** PROBLEM TO WORK ON **
Exactly the lines from the start of the data below through the line that contains "Ta nuu kua'an-ra" are to be copied, with pictures left out.

** DATA FOR THE TASK **

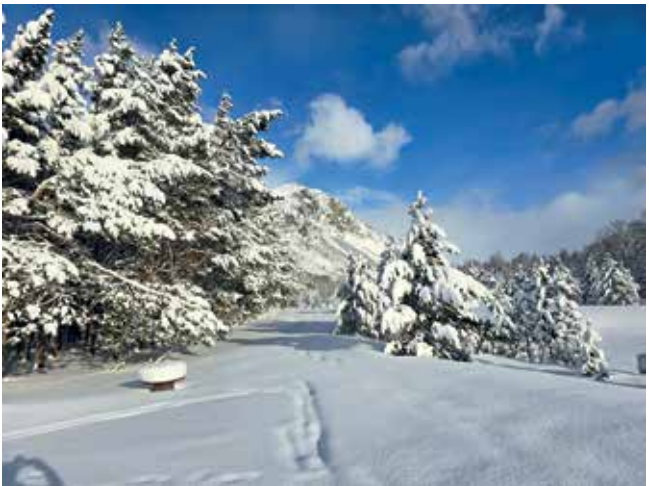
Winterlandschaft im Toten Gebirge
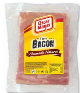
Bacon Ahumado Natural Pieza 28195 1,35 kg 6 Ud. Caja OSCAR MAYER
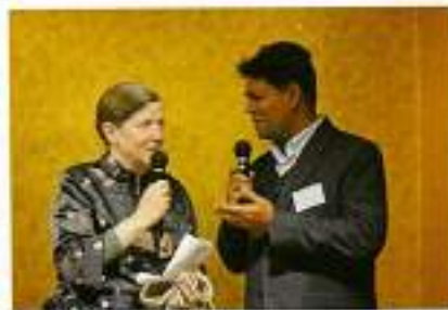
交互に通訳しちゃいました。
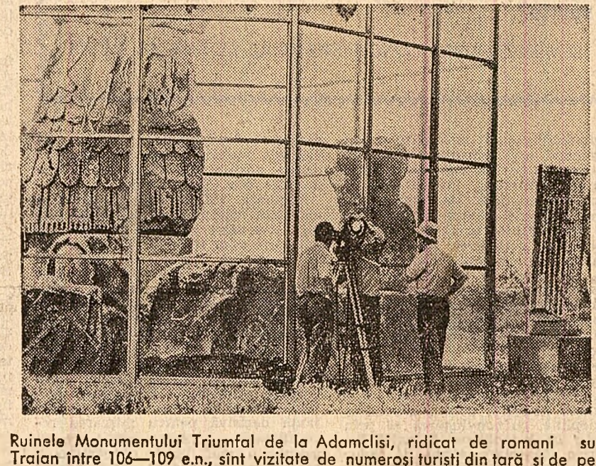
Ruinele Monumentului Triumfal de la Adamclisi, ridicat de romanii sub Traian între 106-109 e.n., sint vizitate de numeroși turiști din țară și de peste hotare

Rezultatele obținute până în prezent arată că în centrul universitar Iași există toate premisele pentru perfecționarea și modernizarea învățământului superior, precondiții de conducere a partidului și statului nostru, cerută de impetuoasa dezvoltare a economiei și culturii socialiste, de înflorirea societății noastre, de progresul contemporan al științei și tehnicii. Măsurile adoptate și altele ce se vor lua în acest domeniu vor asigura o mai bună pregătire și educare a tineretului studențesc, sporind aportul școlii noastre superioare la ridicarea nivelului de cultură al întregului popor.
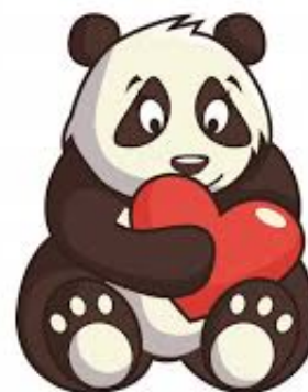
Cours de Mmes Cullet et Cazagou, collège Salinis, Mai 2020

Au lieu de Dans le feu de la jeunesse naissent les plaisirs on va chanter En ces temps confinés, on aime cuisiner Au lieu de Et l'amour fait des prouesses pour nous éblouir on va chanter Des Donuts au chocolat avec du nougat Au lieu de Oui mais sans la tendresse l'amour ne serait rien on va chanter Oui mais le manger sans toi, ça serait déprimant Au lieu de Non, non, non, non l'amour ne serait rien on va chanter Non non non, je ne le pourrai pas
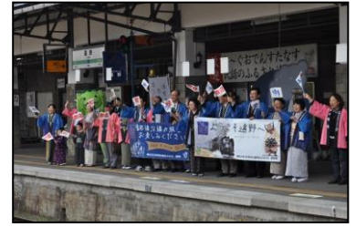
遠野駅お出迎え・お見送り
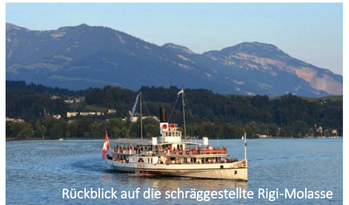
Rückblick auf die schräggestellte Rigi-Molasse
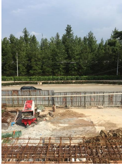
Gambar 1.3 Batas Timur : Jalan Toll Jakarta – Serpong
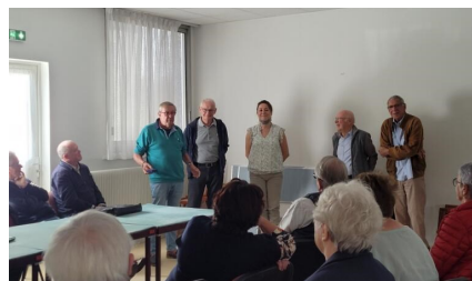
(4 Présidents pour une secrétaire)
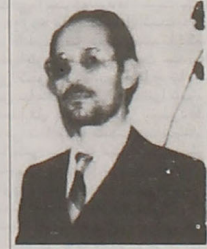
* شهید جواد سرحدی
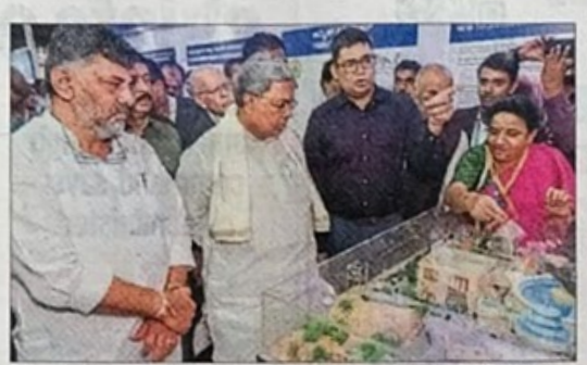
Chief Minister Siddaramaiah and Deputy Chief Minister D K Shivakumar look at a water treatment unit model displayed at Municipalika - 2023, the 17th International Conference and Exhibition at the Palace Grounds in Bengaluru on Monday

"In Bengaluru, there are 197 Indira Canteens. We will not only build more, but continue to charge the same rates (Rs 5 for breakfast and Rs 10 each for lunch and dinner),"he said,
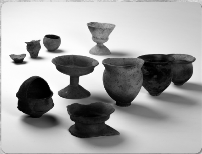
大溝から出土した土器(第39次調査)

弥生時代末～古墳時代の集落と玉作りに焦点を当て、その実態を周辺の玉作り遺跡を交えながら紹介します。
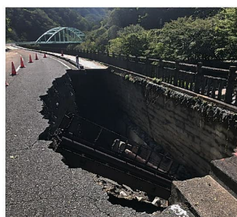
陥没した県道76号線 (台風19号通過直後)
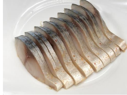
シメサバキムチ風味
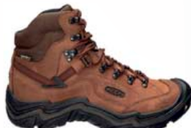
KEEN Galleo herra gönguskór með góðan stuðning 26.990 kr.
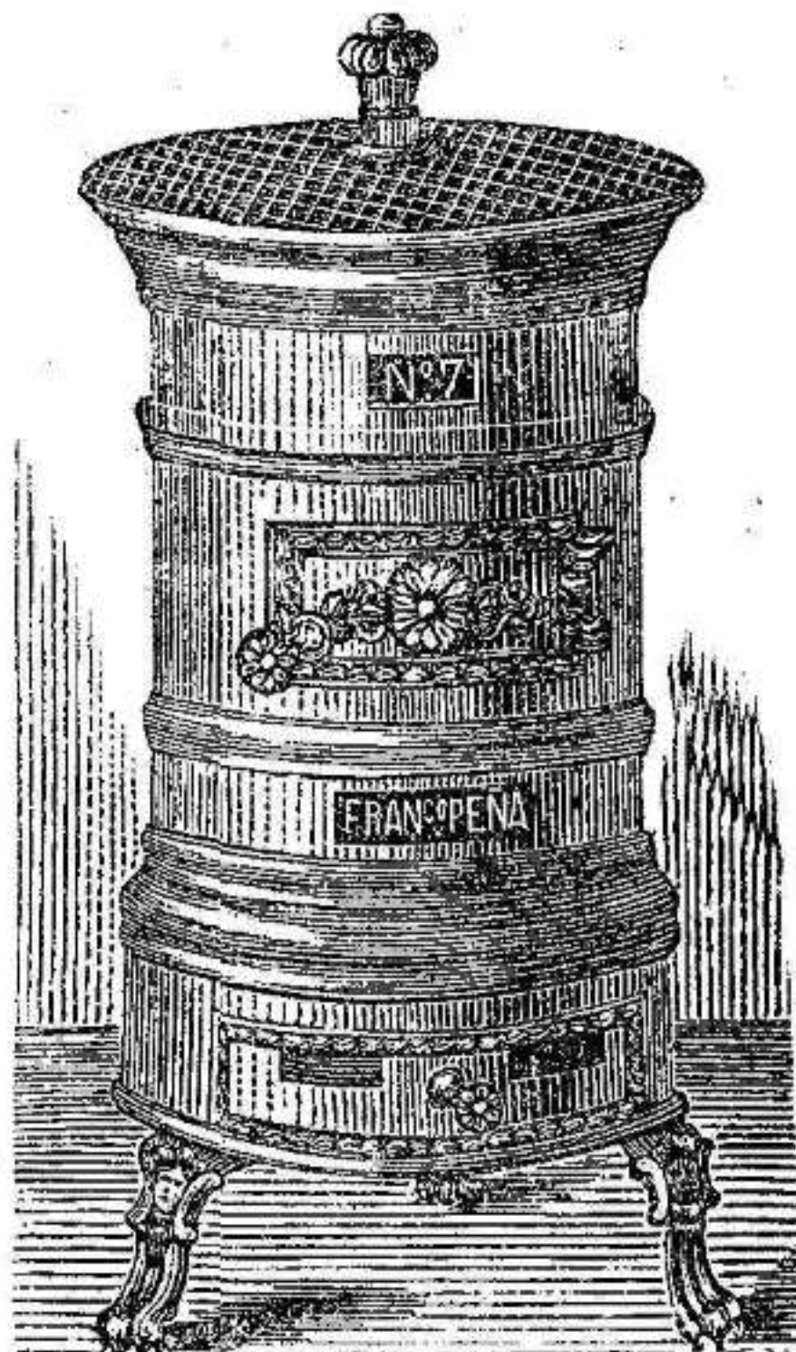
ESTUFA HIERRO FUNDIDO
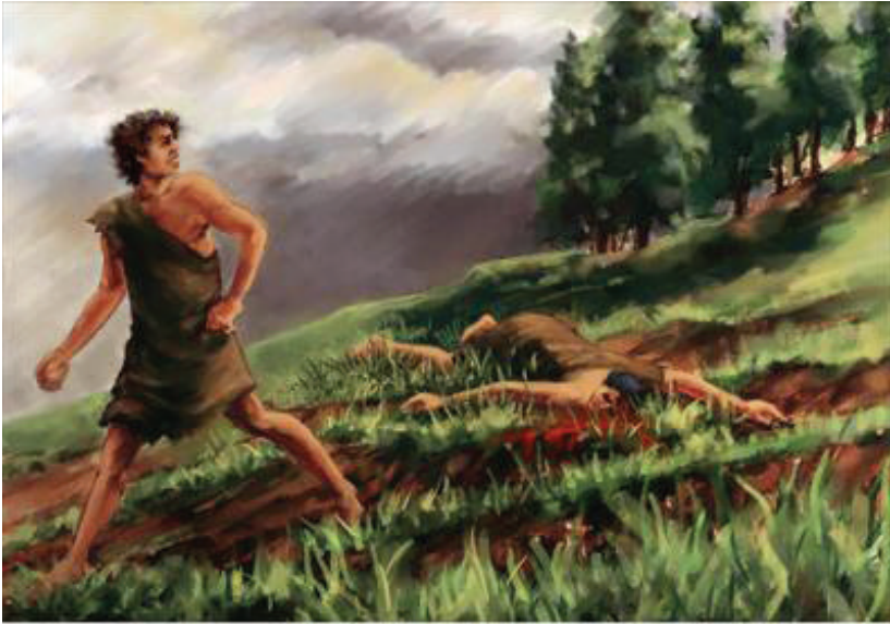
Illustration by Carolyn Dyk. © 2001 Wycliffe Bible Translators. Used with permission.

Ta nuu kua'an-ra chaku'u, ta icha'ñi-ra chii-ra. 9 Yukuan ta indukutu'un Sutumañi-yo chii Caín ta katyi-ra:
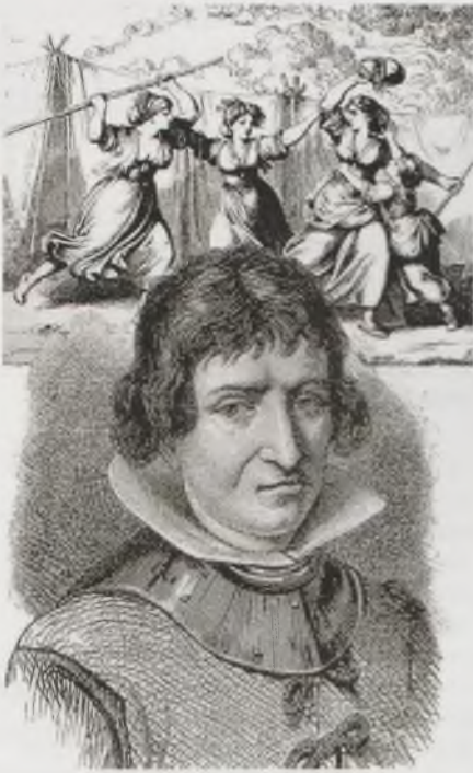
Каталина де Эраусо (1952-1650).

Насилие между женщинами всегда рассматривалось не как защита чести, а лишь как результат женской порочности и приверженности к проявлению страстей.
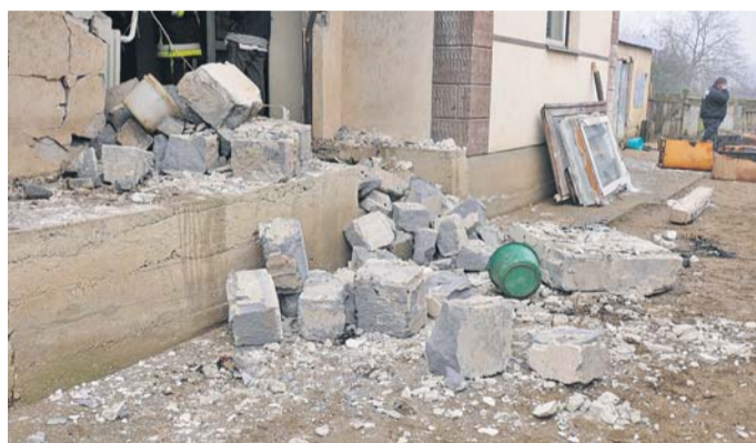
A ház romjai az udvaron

** SOLUTION TO THE EXERCISE **
Winterlandschaft im Toten Gebirge
Bacon Ahumado Natural Pieza 28195 1,35 kg 6 Ud. Caja OSCAR MAYER
交互に通訳しちゃいました。
Ruinele Monumentului Triumfal de la Adamclisi, ridicat de romanii sub Traian între 106-109 e.n., sint vizitate de numeroși turiști din țară și de peste hotare

Rezultatele obținute până în prezent arată că în centrul universitar Iași există toate premisele pentru perfecționarea și modernizarea învățământului superior, precondiții de conducere a partidului și statului nostru, cerută de impetuoasa dezvoltare a economiei și culturii socialiste, de înflorirea societății noastre, de progresul contemporan al științei și tehnicii. Măsurile adoptate și altele ce se vor lua în acest domeniu vor asigura o mai bună pregătire și educare a tineretului studențesc, sporind aportul școlii noastre superioare la ridicarea nivelului de cultură al întregului popor.
Cours de Mmes Cullet et Cazagou, collège Salinis, Mai 2020

Au lieu de Dans le feu de la jeunesse naissent les plaisirs on va chanter En ces temps confinés, on aime cuisiner Au lieu de Et l'amour fait des prouesses pour nous éblouir on va chanter Des Donuts au chocolat avec du nougat Au lieu de Oui mais sans la tendresse l'amour ne serait rien on va chanter Oui mais le manger sans toi, ça serait déprimant Au lieu de Non, non, non, non l'amour ne serait rien on va chanter Non non non, je ne le pourrai pas
遠野駅お出迎え・お見送り
Rückblick auf die schräggestellte Rigi-Molasse
Gambar 1.3 Batas Timur : Jalan Toll Jakarta – Serpong
(4 Présidents pour une secrétaire)
* شهید جواد سرحدی
Chief Minister Siddaramaiah and Deputy Chief Minister D K Shivakumar look at a water treatment unit model displayed at Municipalika - 2023, the 17th International Conference and Exhibition at the Palace Grounds in Bengaluru on Monday

"In Bengaluru, there are 197 Indira Canteens. We will not only build more, but continue to charge the same rates (Rs 5 for breakfast and Rs 10 each for lunch and dinner),"he said,
大溝から出土した土器(第39次調査)

弥生時代末～古墳時代の集落と玉作りに焦点を当て、その実態を周辺の玉作り遺跡を交えながら紹介します。
陥没した県道76号線 (台風19号通過直後)
シメサバキムチ風味
KEEN Galleo herra gönguskór með góðan stuðning 26.990 kr.
ESTUFA HIERRO FUNDIDO
Illustration by Carolyn Dyk. © 2001 Wycliffe Bible Translators. Used with permission.

Ta nuu kua'an-ra chaku'u, ta icha'ñi-ra chii-ra. 9 Yukuan ta indukutu'un Sutumañi-yo chii Caín ta katyi-ra:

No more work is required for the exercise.